Obviously, we don’t want to wait for 100 billion coins, so let’s figure out how we can trick the game into thinking that we already have the required amount of coins.
Looking into the games main screen code, we can see something interesting:
ef game_screen():
# ...
while not done:
target_amount = (2**36) + (2**35)
if current_coins > (target_amount - 2**20):
while current_coins >= (target_amount + 2**20):
current_coins -= 2**20
victory_screen(int(current_coins / 10**8))
return
# ...
In the above, we can see that victory_screen is called when current_coins > (target_amount - 2**20). To trick the game into thinking we already won, we can insert the following line just before the if statement:
current_coins = target_amount
Running the app one final time, automatically reveals the flag:
2 – garbage
Time spent: around 20 minutes
Tools used: CFF Explorer, HxD, UPX
The second challenge of flare-on 2020 can either be very easy, or
very difficult if you don’t know what you should be looking for. You are
given a file called garbage.exe, along with a message that
tells you the executable was recovered using digital forensics, but is
incomplete. The task is to repair it and acquire the flag.
I heard a lot of people got stuck on this one, which is very understandable if you are not very familiar with the PE file format. Let’s go through it step-by-step.
Orientation
The first thing to try, is to just run it. As you might have guessed, this does not work.
Opening it up in a tool such as CFF explorer, however, gives us some
clues. Looking at the sections of the executable, we can see the names UPX0 and UPX1:
UPX stands for the Ultimate Packer for eXecutables, and is a well-known packer that attempts to compress an executable file to a smaller size. It can be downloaded at https://upx.github.io/.
The cool thing about the UPX project is that it not only comes with a
compressor, but also a built-in decompressor, by specifying the -d commandline flag. Unfortunately for us, this does not seem to work that well:
D:\Washi\RE\flareon2020\02>upx.exe -d garbage.exe
Ultimate Packer for eXecutables
Copyright (C) 1996 - 2020
UPX 3.96w Markus Oberhumer, Laszlo Molnar & John Reiser Jan 23rd 2020
File size Ratio Format Name
-------------------- ------ ----------- -----------
upx: garbage.exe: OverlayException: invalid overlay size; file is possibly corrupt
It seems some of the PE headers are corrupt. It complains about some size being incorrect.
“Fixing” the sections
When a file is incomplete, it usually means it is too short. Looking again at the sections, we can see that the last section .rsrc
starts at file offset 0x9E00, and has a size of 0x400. However, if we
look in a hex editor, such as HxD, we can quickly see that some of the
section’s data got cut off:
We are missing a total of 0x400 – 0x124 = 0x2DC bytes.
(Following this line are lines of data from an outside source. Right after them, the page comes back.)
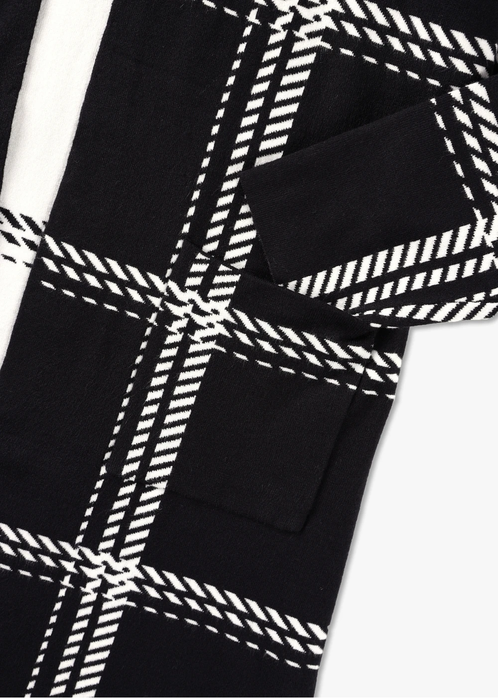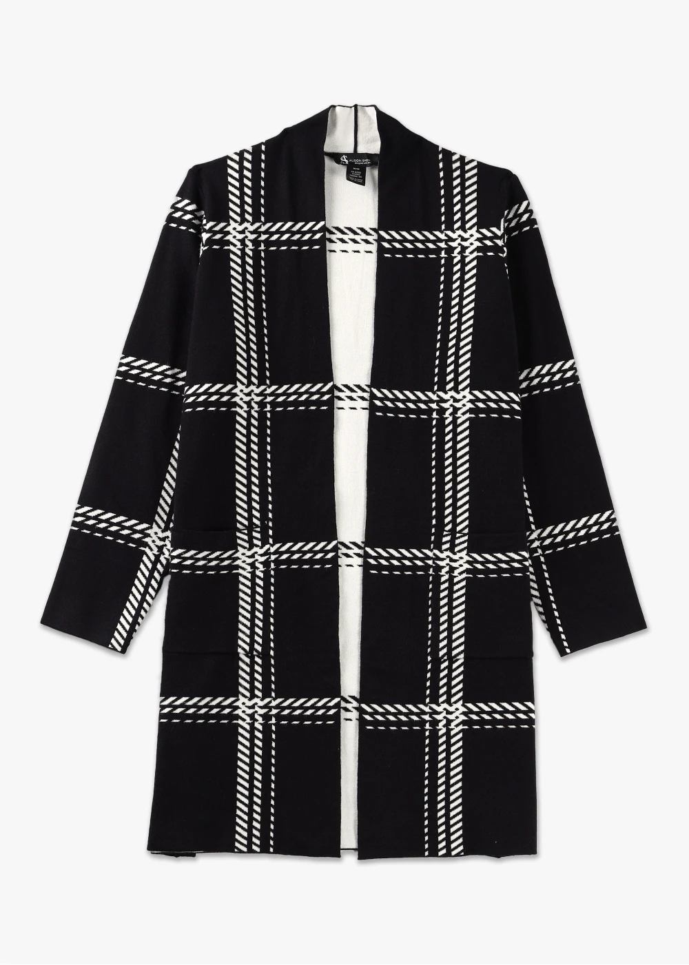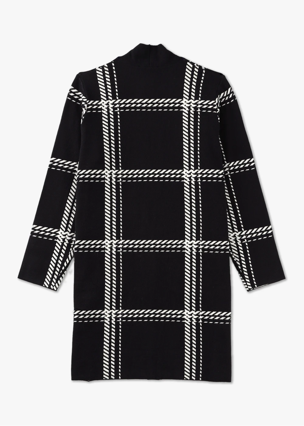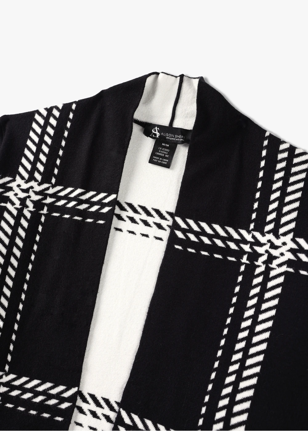 This New Season long-line cardigan from Alison Sheri is the perfect throw over. An easy to wear open style featuring bold monochrome design. Handy classic patch pockets add detail. Signature Alison Sheri branded tab is stitched into the back of the neck.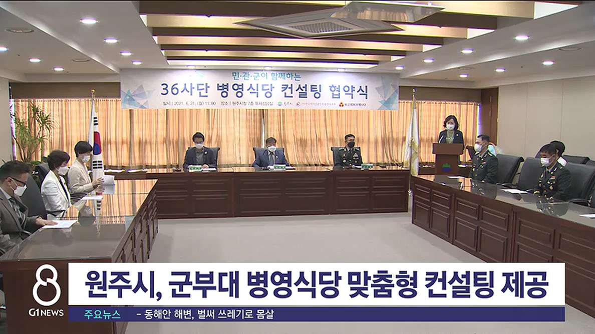 원주시와 한국외식업중앙회 원주시지부, 육군 36보병사단은 오늘 시청 투자상담실에서 장병 병영식당 맞춤형 컨설팅을 위한 업무협약을 체결했습니다.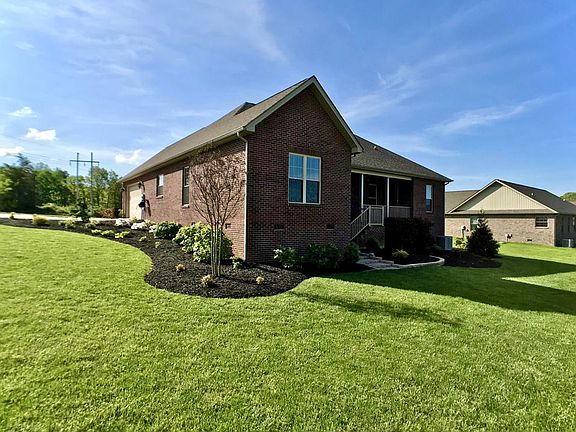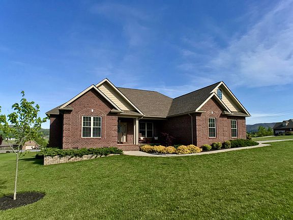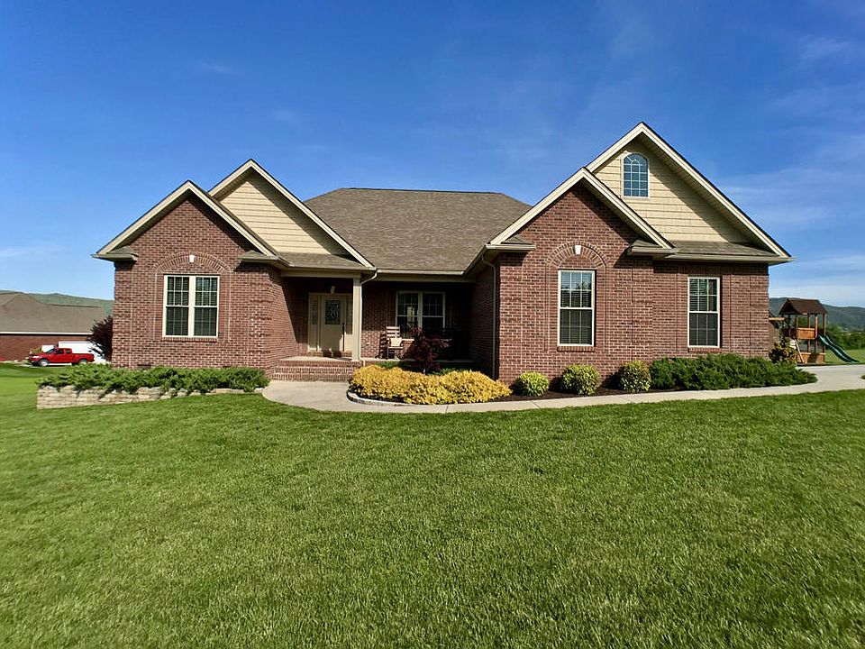 ''Imagine coming home to this beautiful, full brick home everyday! This well-appointed one-owner home boasts a spacious, open floor plan; tall ceilings; gorgeous custom moldings; stunning mountain views; hand-scraped hardwood floors; and a modern kitchen with L-shaped island, high-end solid surface counters, ample cabinet space, stainless appliances, and tiered bar. The breakfast area and formal dining room each extend from the kitchen and the adjoining living room with its inviting gas fireplace. This one level home has a split bedroom floor plan with a large master suite on one side of the home and the other three bedrooms on the opposite. The luxurious master suite, with its ample recessed lighting in the trey ceiling, spacious walk-in closet with custom closet organization system,

Let’s append 0x2DC 00 bytes to the end of the file. Let’s run UPX again.
D:\Washi\RE\flareon2020\02>upx.exe -d garbage2.exe
Ultimate Packer for eXecutables
Copyright (C) 1996 - 2020
UPX 3.96w Markus Oberhumer, Laszlo Molnar & John Reiser Jan 23rd 2020
File size Ratio Format Name
-------------------- ------ ----------- -----------
79360 <- 41472 52.26% win32/pe garbage2.exe
Unpacked 1 file.
This time around, it does not complain. Success!
“Fixing” resources
Except there is a problem. Running the application results in the following error:
It complains about “side-by-side configuration”. This is probably because while we did fill up the resources section up to the right size, we didn’t really fill it up with the right data. There’s two ways of going about this: Either we can fix the resources directory by coming up with the right contents, or just remove it entirely and guess that the program doesn’t really need the resources at all.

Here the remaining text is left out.